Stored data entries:
● ● ● ● ● ● ●

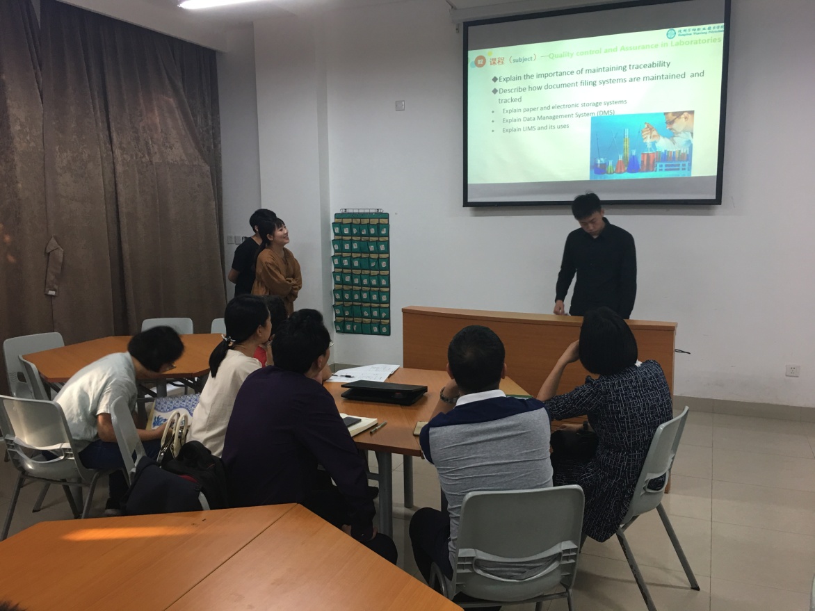 这次新加坡交流项目共去了六位同学。他们分为两组进行汇报,六位同学在新加坡分别分在两个不同的班级学习,他们主要是在新加坡工艺教育学院(ITE)与那边的同学一起学习,主要学习三门课程。第一门课程是《分子生物学》,第二门是《分析生物化学》,第三门是《质量控制管理》。六位同学主要针对在ITE的上课内容,以及做过的实验进行汇报,同时,还汇报了学校的生活,以及他们在实验室管理上可取之处。经过在新加坡25天的学习,同学们巩固了专业知识,对实验室管理也有了一些不同的认识和看法。将国外的实验室管理与食品专业的实验室进行比较,吸取精华,去其糟粕,实际应用到食品专业的实验室上,对实验室可改进方面做出提升计划,让实验室变得更加完善。
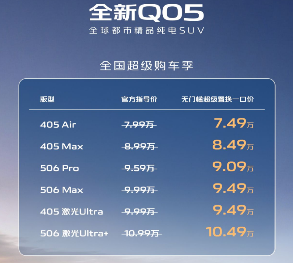 那么,在7-10万这个竞争白热化的价位段,它面对的主要对手是谁?无疑是比亚迪元UP、哪吒AYA等车型。和它们相比,全新Q05的核心优势在于一个非常清晰的“水桶”形象和价格杀伤力。7.49万的起售价,直接击穿了心理防线。在相近价格下,它的车身尺寸和轴距有一定优势,意味着车内空间可能更从容。全系标配的宁德时代电池和3C快充能力,是它打在公屏上的硬核配置,给消费者很强的品质安心感。虽然智能驾驶方面可能不是它的最强项,但在这个价位,把续航、安全、基础品质和价格做到极致平衡,本身就是最成功的策略。
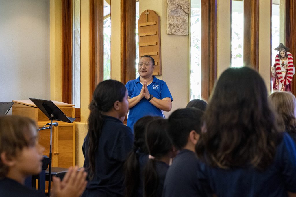 Sacred Hearts School Principal Tonata Lolesio leads a prayer during an assembly at Sacred Hearts Mission Church on Tuesday, Oct. 3, 2023, in Lahaina, Hawaii. Sacred Hearts School, a Catholic school, was founded in 1862. Most of the school burned down, but its leaders quickly got classes up and running at Sacred Hearts Mission Church 10 miles (16 kilometers) away.
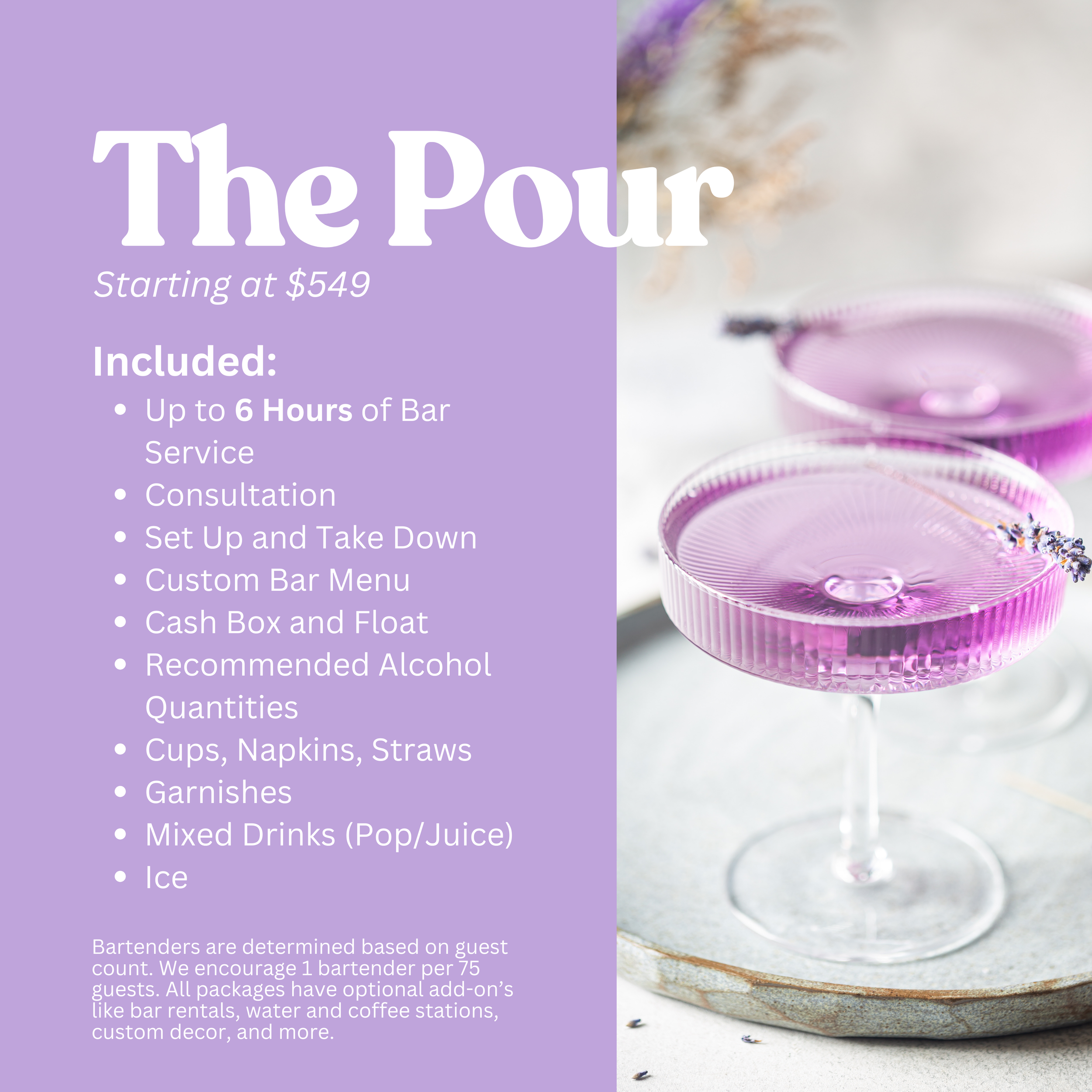 With a passion for mixology and a commitment to excellence, we craft memorable experiences, one drink at a time. Let us take care of your beverage needs, so you can focus on enjoying your special occasion to the fullest!
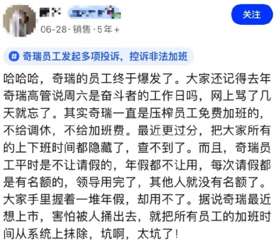 2023年3月,奇瑞汽车工程技术研发总院院长高新华发布内部邮件称,“通知所有的员工以奋斗者为本,周六是奋斗者的工作日。”
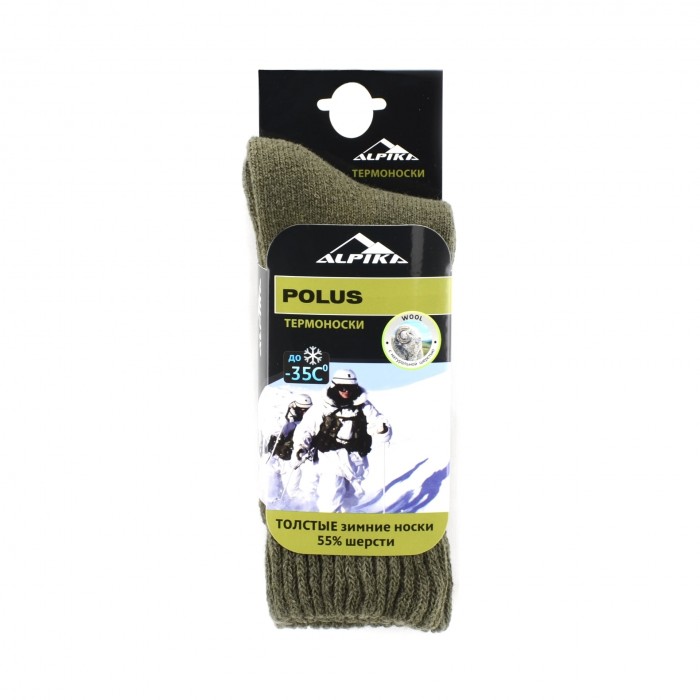 Термоноски "Alpika" Polus на 55% выполнены из шерсти знаменитых на весь мир австралийских мериносов. Трёхслойная махровая вязка обеспечивает им износостойкость и хорошую циркуляцию воздуха, а толстый внутренний слой из шерсти гарантирует сохранение тепла даже в самые сильные морозы. Отлично подходят для зимнего отдыха на природе, охоты, рыбалки, и обеспечивают максимальный комфорт и удобство в течение всего времени эксплуатации.

● ● ● ● ● ● ●

### Your assignment
The records above must be echoed exactly, minus their pictures.

### Result for this exercise
 这次新加坡交流项目共去了六位同学。他们分为两组进行汇报,六位同学在新加坡分别分在两个不同的班级学习,他们主要是在新加坡工艺教育学院(ITE)与那边的同学一起学习,主要学习三门课程。第一门课程是《分子生物学》,第二门是《分析生物化学》,第三门是《质量控制管理》。六位同学主要针对在ITE的上课内容,以及做过的实验进行汇报,同时,还汇报了学校的生活,以及他们在实验室管理上可取之处。经过在新加坡25天的学习,同学们巩固了专业知识,对实验室管理也有了一些不同的认识和看法。将国外的实验室管理与食品专业的实验室进行比较,吸取精华,去其糟粕,实际应用到食品专业的实验室上,对实验室可改进方面做出提升计划,让实验室变得更加完善。
 那么,在7-10万这个竞争白热化的价位段,它面对的主要对手是谁?无疑是比亚迪元UP、哪吒AYA等车型。和它们相比,全新Q05的核心优势在于一个非常清晰的“水桶”形象和价格杀伤力。7.49万的起售价,直接击穿了心理防线。在相近价格下,它的车身尺寸和轴距有一定优势,意味着车内空间可能更从容。全系标配的宁德时代电池和3C快充能力,是它打在公屏上的硬核配置,给消费者很强的品质安心感。虽然智能驾驶方面可能不是它的最强项,但在这个价位,把续航、安全、基础品质和价格做到极致平衡,本身就是最成功的策略。
 Sacred Hearts School Principal Tonata Lolesio leads a prayer during an assembly at Sacred Hearts Mission Church on Tuesday, Oct. 3, 2023, in Lahaina, Hawaii. Sacred Hearts School, a Catholic school, was founded in 1862. Most of the school burned down, but its leaders quickly got classes up and running at Sacred Hearts Mission Church 10 miles (16 kilometers) away.
 With a passion for mixology and a commitment to excellence, we craft memorable experiences, one drink at a time. Let us take care of your beverage needs, so you can focus on enjoying your special occasion to the fullest!
 2023年3月,奇瑞汽车工程技术研发总院院长高新华发布内部邮件称,“通知所有的员工以奋斗者为本,周六是奋斗者的工作日。”
 Термоноски "Alpika" Polus на 55% выполнены из шерсти знаменитых на весь мир австралийских мериносов. Трёхслойная махровая вязка обеспечивает им износостойкость и хорошую циркуляцию воздуха, а толстый внутренний слой из шерсти гарантирует сохранение тепла даже в самые сильные морозы. Отлично подходят для зимнего отдыха на природе, охоты, рыбалки, и обеспечивают максимальный комфорт и удобство в течение всего времени эксплуатации.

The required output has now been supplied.